# TASK BRIEF
Look for the line with "Figurine bottle in" in the data below, then reproduce word for word that line and every line after it. Leave out all pictures and add nothing.

[Data items]
Content starts

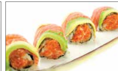
Beauty Alaska Roll
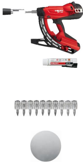
1. Gas actuated direct fastening
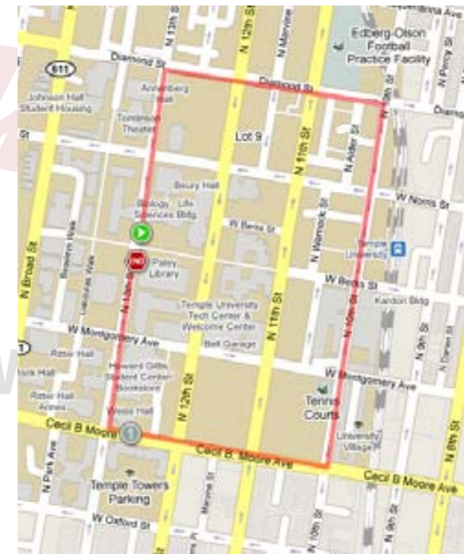
PROPOSED '11 TEMPLE COURSE
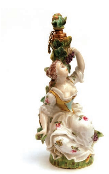
Figurine bottle in the shape of a young woman picking a bunch of grapes – Chelsea Porcelain - 18th century
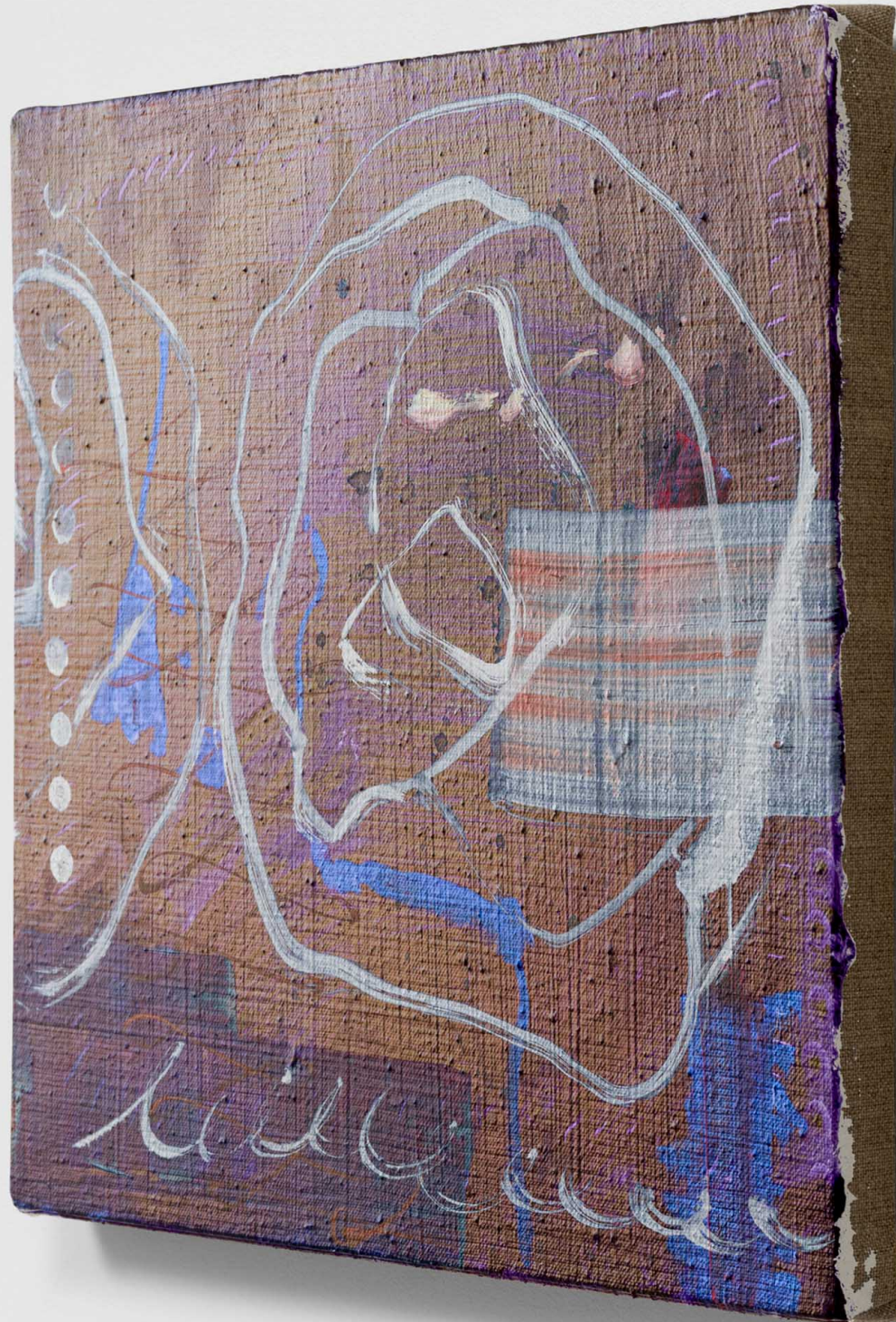
EMMA MCINTYRE Pearled , 2023 Oil on linen 12 x 14 in / 30.5 x 35.6 cm

USD 15,000.00 exc. tax CS-01699-EM Unique

Content ends

# TASK RESPONSE
Figurine bottle in the shape of a young woman picking a bunch of grapes – Chelsea Porcelain - 18th century
EMMA MCINTYRE Pearled , 2023 Oil on linen 12 x 14 in / 30.5 x 35.6 cm

USD 15,000.00 exc. tax CS-01699-EM Unique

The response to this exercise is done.